__Records to process__:
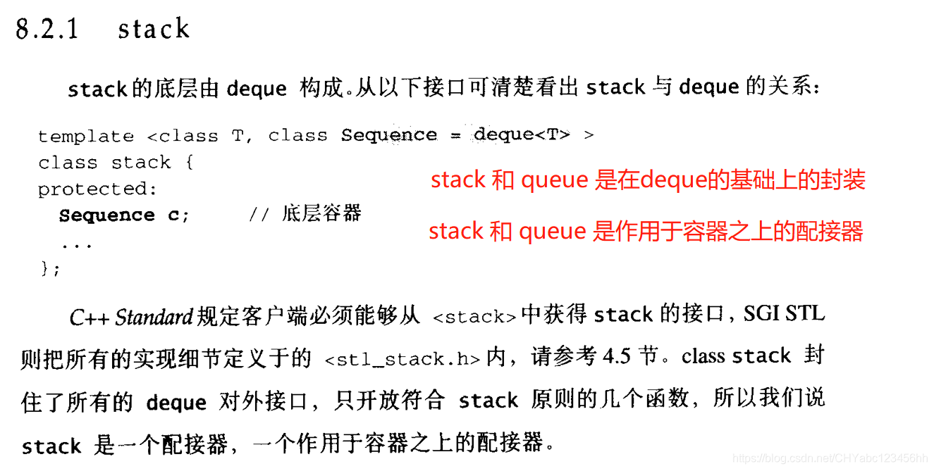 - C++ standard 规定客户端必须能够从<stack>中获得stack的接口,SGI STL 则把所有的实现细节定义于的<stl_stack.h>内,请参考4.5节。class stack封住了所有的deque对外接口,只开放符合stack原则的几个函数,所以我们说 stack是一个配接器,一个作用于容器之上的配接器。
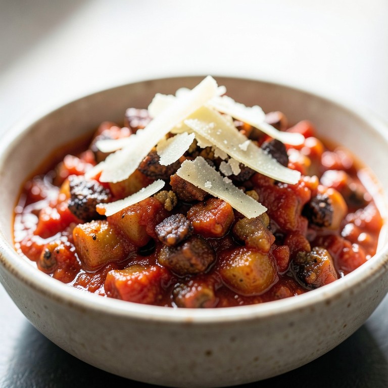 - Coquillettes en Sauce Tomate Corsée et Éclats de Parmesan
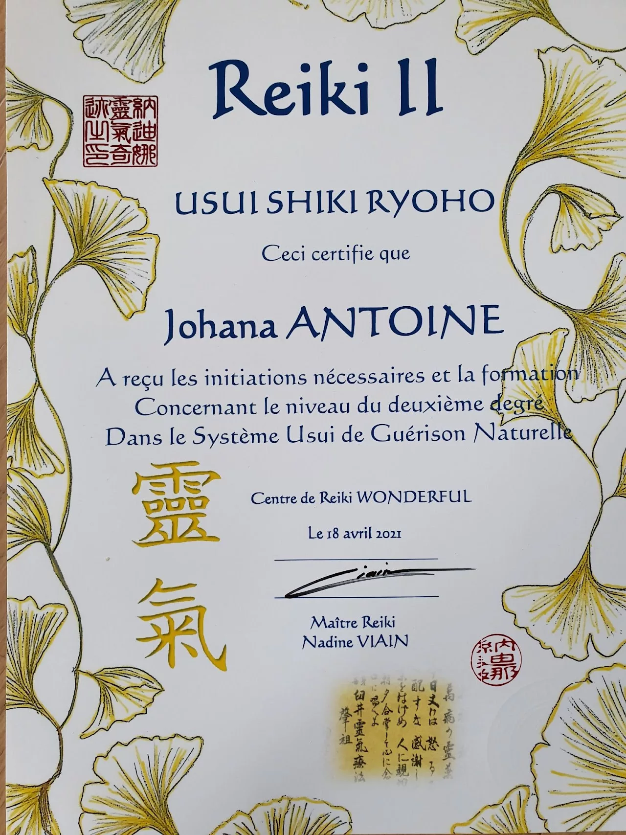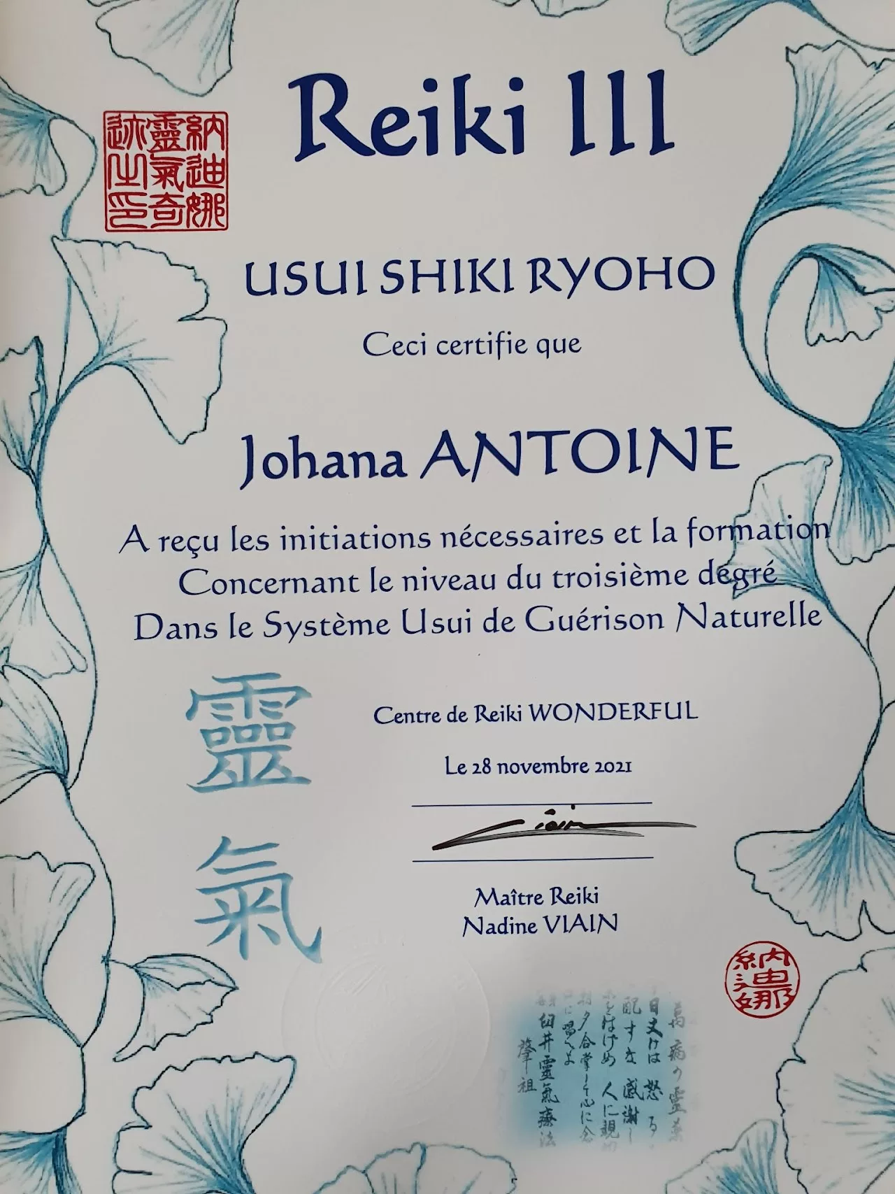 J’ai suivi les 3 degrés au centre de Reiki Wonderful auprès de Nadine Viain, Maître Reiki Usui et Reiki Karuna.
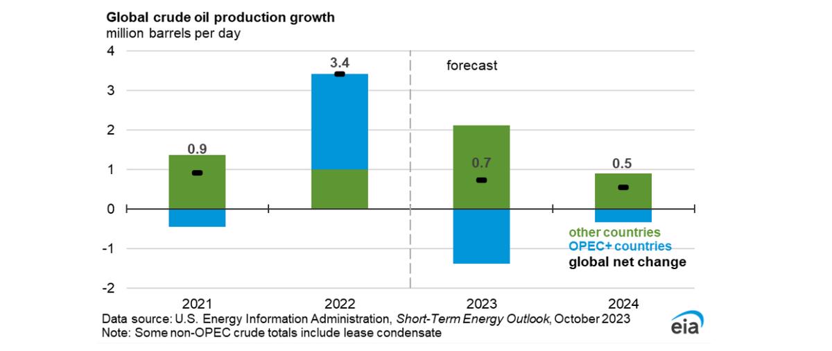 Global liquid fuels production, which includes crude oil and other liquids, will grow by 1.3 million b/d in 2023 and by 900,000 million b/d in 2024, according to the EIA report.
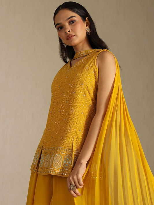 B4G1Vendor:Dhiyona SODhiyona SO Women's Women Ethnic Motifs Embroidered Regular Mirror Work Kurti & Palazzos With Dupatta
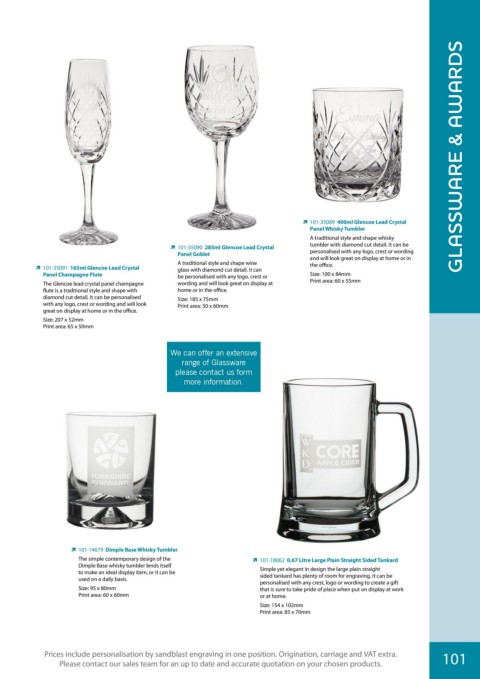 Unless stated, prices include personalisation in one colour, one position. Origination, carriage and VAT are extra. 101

__What you will do__: Give back, exactly and with nothing added, the lines from the line with "J’ai suivi les" through the final line of the data, both included; leave pictures out.

__Finished exercise__:
 J’ai suivi les 3 degrés au centre de Reiki Wonderful auprès de Nadine Viain, Maître Reiki Usui et Reiki Karuna.
 Global liquid fuels production, which includes crude oil and other liquids, will grow by 1.3 million b/d in 2023 and by 900,000 million b/d in 2024, according to the EIA report.
 B4G1Vendor:Dhiyona SODhiyona SO Women's Women Ethnic Motifs Embroidered Regular Mirror Work Kurti & Palazzos With Dupatta
 Unless stated, prices include personalisation in one colour, one position. Origination, carriage and VAT are extra. 101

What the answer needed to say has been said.